A group of students who are forced to meet in secret have convinced their school—a prominent evangelical Christian university—to change its policies on LGBTQ+ relationships being made public.
Underground LGBTQ+ Activism
The underground LGBTQ+ support and activism group, known as “Haven,” has met off campus to help fellow students and bring change to Azusa Pacific University (APU). California-based APU previously tried to push a transgendered theology professor out of the school.
APU also worked with the students to create a “safe space” for all students, according to the school’s student paper ZU Media.
Effective this fall 2018 semester, Azusa Pacific removed language from its student standard of conduct agreement that prohibited public LGBTQ+ relationships for students on campus. As an evangelical institution, APU still adheres to the Biblical principles of human sexuality—the belief that “sexual union is intended by God to take place only within the marriage covenant between a man and a woman” remains a cornerstone of the university’s foundation.

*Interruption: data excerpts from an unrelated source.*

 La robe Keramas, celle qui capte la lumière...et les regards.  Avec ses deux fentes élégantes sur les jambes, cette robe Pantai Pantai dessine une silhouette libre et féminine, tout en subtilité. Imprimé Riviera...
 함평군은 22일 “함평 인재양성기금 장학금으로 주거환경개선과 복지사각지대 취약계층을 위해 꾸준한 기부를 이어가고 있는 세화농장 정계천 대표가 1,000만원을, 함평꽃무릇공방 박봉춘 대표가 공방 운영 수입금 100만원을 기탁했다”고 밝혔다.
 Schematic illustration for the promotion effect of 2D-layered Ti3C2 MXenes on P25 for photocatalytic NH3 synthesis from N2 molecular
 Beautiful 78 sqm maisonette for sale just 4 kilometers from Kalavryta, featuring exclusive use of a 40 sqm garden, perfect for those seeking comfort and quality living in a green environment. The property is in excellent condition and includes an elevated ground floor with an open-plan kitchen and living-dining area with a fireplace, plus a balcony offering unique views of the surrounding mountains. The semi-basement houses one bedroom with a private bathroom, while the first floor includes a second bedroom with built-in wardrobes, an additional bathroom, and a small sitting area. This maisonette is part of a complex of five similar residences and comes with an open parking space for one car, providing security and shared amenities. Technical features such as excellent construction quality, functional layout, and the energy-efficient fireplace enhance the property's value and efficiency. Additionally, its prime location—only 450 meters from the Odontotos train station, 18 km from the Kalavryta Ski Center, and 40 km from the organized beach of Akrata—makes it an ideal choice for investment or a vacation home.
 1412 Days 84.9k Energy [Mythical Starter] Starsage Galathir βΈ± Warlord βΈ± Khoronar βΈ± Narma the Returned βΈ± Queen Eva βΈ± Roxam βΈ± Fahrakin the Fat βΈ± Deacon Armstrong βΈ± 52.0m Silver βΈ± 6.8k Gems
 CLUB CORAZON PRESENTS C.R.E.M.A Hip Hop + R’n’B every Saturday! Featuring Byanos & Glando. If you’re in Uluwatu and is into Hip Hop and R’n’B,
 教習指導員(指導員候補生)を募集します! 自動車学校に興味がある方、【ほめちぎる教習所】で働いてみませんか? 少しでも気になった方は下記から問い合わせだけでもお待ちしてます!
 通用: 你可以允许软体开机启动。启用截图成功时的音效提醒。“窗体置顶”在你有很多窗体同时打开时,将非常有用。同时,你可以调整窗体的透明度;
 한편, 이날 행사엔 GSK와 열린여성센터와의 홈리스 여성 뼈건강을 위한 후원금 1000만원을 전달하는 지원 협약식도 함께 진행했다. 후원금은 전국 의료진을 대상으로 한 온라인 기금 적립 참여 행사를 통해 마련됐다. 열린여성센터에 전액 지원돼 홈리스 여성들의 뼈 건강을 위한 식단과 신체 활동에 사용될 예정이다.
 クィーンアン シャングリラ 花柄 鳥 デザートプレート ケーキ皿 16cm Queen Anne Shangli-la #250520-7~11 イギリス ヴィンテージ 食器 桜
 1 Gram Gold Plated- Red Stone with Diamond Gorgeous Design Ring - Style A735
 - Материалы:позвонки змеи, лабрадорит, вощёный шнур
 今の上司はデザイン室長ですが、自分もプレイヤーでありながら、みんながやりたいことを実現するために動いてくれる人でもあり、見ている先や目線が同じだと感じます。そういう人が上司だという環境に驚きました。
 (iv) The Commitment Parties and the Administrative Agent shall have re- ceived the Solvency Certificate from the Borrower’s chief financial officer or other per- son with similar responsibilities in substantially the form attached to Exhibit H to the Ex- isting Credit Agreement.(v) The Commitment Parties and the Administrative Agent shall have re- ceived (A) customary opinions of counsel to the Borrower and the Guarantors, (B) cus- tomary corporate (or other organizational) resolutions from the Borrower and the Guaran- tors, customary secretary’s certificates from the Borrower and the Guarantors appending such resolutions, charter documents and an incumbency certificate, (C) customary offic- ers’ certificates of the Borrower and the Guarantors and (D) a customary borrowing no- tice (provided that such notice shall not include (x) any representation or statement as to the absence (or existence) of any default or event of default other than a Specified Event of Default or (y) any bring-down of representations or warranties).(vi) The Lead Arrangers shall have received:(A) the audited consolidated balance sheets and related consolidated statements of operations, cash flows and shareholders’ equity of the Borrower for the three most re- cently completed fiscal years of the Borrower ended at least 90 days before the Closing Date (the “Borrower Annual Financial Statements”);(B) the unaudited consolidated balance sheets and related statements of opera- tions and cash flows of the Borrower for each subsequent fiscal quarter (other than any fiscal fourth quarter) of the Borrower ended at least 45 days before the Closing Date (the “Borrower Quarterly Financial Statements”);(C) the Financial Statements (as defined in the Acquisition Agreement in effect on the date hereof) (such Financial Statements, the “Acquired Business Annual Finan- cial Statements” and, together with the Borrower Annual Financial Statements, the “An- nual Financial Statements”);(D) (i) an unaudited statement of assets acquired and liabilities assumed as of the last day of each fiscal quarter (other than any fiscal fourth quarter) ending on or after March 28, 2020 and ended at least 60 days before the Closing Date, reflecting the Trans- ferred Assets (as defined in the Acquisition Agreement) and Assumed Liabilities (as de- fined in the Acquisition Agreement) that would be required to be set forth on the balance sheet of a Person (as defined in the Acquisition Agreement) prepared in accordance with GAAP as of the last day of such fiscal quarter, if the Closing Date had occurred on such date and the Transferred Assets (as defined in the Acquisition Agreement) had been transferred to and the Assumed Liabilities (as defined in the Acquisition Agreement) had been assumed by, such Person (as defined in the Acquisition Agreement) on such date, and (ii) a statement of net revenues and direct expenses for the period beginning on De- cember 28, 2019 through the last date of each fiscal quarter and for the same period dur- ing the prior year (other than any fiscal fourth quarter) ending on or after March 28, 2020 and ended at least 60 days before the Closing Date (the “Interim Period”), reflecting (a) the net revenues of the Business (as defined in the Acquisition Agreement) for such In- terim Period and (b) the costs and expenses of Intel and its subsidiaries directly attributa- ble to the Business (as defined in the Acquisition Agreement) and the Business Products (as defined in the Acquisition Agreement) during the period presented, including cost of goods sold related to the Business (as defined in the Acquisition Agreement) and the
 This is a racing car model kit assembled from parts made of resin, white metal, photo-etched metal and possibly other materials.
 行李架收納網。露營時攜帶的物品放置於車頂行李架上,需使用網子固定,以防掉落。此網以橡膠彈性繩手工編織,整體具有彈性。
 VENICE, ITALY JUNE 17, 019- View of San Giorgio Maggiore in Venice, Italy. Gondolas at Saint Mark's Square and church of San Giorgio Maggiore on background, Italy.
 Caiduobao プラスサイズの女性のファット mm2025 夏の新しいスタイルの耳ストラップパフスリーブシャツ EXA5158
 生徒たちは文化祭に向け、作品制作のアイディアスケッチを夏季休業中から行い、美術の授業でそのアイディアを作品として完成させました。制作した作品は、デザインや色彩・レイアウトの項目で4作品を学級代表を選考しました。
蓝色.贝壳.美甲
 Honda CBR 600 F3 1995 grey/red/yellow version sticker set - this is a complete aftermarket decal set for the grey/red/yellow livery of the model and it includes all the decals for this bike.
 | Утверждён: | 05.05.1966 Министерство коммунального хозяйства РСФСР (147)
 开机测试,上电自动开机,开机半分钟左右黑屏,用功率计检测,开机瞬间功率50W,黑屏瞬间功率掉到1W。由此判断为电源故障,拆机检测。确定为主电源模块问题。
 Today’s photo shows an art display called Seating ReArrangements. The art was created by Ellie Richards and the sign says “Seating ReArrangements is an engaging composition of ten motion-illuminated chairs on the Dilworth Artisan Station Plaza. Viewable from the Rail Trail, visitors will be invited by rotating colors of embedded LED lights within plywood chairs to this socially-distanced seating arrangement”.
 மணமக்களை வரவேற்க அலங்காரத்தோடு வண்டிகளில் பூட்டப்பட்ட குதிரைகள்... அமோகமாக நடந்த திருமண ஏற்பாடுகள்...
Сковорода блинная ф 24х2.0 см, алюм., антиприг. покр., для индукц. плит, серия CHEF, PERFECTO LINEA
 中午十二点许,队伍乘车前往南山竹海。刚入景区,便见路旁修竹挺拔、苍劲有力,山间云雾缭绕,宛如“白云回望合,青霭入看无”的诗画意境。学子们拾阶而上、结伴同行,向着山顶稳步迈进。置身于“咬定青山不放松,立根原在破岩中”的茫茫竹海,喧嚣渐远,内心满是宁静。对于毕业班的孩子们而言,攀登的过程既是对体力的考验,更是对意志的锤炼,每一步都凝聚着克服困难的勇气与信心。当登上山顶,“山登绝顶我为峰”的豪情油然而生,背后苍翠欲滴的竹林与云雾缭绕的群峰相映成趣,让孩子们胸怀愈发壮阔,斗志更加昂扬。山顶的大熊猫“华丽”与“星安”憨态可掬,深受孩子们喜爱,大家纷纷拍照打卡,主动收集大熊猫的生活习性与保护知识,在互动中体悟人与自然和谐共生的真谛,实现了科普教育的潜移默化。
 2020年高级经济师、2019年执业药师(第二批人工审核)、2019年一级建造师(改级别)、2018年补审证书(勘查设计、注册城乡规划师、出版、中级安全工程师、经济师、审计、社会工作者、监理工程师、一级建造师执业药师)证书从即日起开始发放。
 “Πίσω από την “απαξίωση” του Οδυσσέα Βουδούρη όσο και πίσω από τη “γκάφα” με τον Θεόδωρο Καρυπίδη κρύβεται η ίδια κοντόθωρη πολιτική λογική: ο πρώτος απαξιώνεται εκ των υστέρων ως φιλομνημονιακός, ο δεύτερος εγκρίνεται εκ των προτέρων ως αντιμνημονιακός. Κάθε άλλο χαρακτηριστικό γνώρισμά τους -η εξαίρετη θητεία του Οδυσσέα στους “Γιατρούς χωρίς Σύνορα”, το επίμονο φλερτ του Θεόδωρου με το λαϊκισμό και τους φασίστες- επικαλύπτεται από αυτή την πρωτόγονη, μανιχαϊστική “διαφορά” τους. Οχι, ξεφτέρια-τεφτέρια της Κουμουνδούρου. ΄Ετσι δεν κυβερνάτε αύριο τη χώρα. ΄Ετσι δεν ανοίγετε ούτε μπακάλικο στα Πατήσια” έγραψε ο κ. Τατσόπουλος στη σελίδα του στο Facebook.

This change is a result of much dialogue between students and administration. For years, LGBTQ+ students at APU have run an underground support group called Haven. However, because they weren’t endorsed by APU as an official club, they couldn’t gather on campus or advertise their meetings.
The group met in apartments around APU because members only knew about Haven by word-of-mouth. Members of Haven were motivated to have their voices heard after an APU faculty member was the target of a hate crime on campus, where LGBTQ+ slurs were used against him.
Talking to Administrators
Members of Haven reportedly got help from fellow LGBTQ+ organization Brave Commons when discussing the issue of equality with the school’s administration. Eventually, the school actually did something.
The students spoke, and the administrative board listened. Associate Dean of Students Bill Fiala, Ph.D., said that as the board evaluated their code of conduct, they wanted to be attentive to equity.
“The changes that occurred to the handbooks around sexual behavior creates one standard for all undergraduate students, as opposed to differential standards for different groups,” Fiala said. “The change that happened with the code of conduct is still in alignment with our identity as a Christian institution. The language changed, but the spirit didn’t. Our spirit is still a conservative, evangelical perspective on human sexuality.”
In addition to this change to the code of conduct, the Office of Student Life has worked with students to co-create a pilot program to provide a safe space for LGBTQ+ students on campus.
This is a huge step forward, and that should be acknowledged, but the school has a long way to go before it is considered a bastion of LGBTQ+ equality. School officials will have to amend the spirit of their anti-gay prejudices, and not just the language of their code of conduct, if they want to truly step into the 21st Century.